Returns String[n]: An Array with "YES" or "NO" Based on Feasibility
(Actual Question Says String Array, But Signature is List of Strings)


Constraints
• [No Special Constraints Exist, But Cannot Recall Exactly]


Input Format

"The First Line Contains an Integer, n, the Number of Elements in Usernames.", 
"Each Line of the n Subsequent Lines (where 0 < i < n) contains a String usernames[i]."        

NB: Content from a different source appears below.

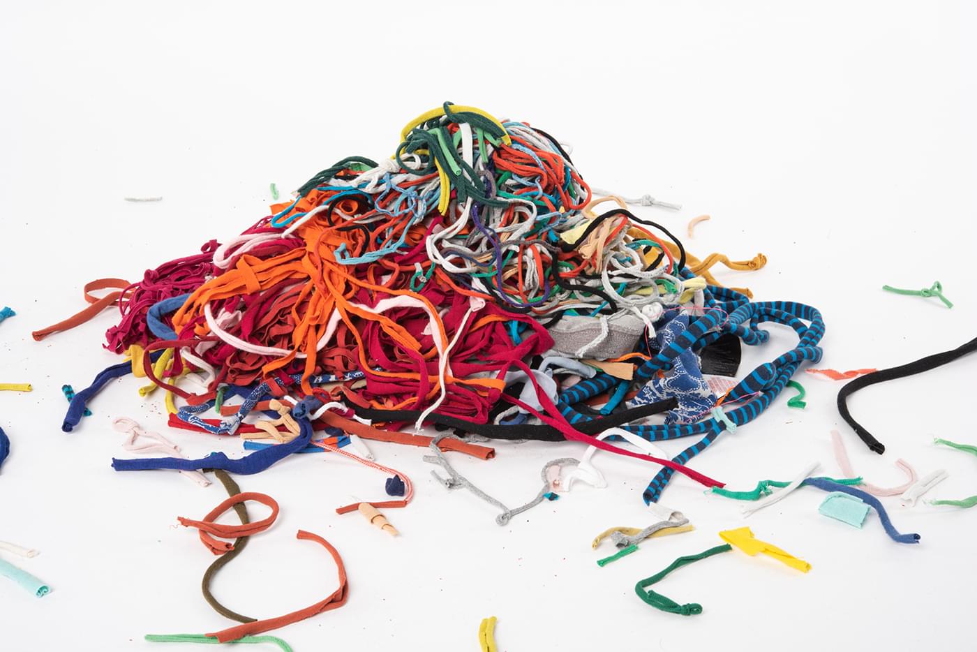 Tau Pibernat & Vera Castelijns setzen sich als Kollektiv mit der Überproduktion von Kleidung auseinander und zeigen Ergebnisse ihrer laufenden Versuchsreihe zur Herstellung verschiedener textiler Erzeugnisse aus entsorgten Kleidungsstücken.

[Sample Case 0 - Sample Input For Custom Testing]        
5      
Aba 
Cat
Boby
Buba
Bapg
Sungi
Lapg
Acba
       

Sample Output (Each Should Be on a Separate Line)
NO YES NO YES YES YES YES YES
  
______________ 
 
 
[Explanation of the Solution]
This is again a Good Question from Hacker Rank to Test Your Logic / Problem Solving Abilities. The Core Point to Handle is that For Each Combination of 2 Alphabets that Exists in the Username String > We Need to Check if the Latter Occuring Character (ASCII) is Less than the Former Occuring Character (ASCII). For Example in the String "Bapg" - For a Selection of "Ba" from "Bapg" - We have "a" Occuring Before "B" in the English Alphabet. We can Have Two Loops (One Nested) to Decide for a Combination of Each Two Alphabets. The Time Complexity of this Solution is O(n^2).
 
________________  
 

[Source Code, Sumith Puri (c) 2021 - Free to Use & Distribute]
import static java.util.stream.Collectors.joining;
import static java.util.stream.Collectors.toList;

import java.io.BufferedReader;
import java.io.BufferedWriter;
import java.io.FileWriter;
import java.io.IOException;
import java.io.InputStreamReader;
import java.util.ArrayList;
import java.util.List;
import java.util.stream.IntStream;

/*
* HackerRank Problem Solving - Speak Ur Mind, But Ride a Fast Horse.
* ~ Sumith Kumar Puri (c) 2021 ~ -- ~ Bengaluru, Karnataka, India ~
*
*/
class UsernamesChangesLogic {

public static List<String> possibleChanges(List<String> usernames) {

List<String> solutionStr = new ArrayList<String>();
boolean bobbysFlag = false;
for (String username : usernames) {

bobbysFlag = false;
String currName = username.toLowerCase();
for (int i = 0; i < currName.length(); i++) {

int a = currName.charAt(i);
for (int j = i + 1; j < currName.length(); j++) {

int b = currName.charAt(j);
if (b < a) {
bobbysFlag = true;
break;
}
}
if (bobbysFlag) {
solutionStr.add("YES");
break;
}
}
if (!bobbysFlag)
solutionStr.add("NO");
}

return solutionStr;
}
}

public class UsernamesChanges {

public static final String OUTPUT_PATH = "PROVIDE_ABSOLUTE_INPUT_FILE_NAME";

public static void main(String[] args) throws IOException {
BufferedReader bufferedReader = new BufferedReader(new InputStreamReader(System.in));
BufferedWriter bufferedWriter = new BufferedWriter(new FileWriter(System.getenv(OUTPUT_PATH)));

int usernamesCount = Integer.parseInt(bufferedReader.readLine().trim());

List<String> usernames = IntStream.range(0, usernamesCount).mapToObj(i -> {
try {
return bufferedReader.readLine();
} catch (IOException ex) {
throw new RuntimeException(ex);
}
}).collect(toList());

List<String> result = UsernamesChangesLogic.possibleChanges(usernames);

bufferedWriter.write(result.stream().collect(joining("\n")) + "\n");

bufferedReader.close();
bufferedWriter.close();
}
}

Happy Problem Solving using Java!

1 comment:

Thanh Thai Nguyen said...

It doesn't work.
For example: with this algorithm, when input is "Boby", when i = o and j = b. The result will be YES, when it's exactly the current String.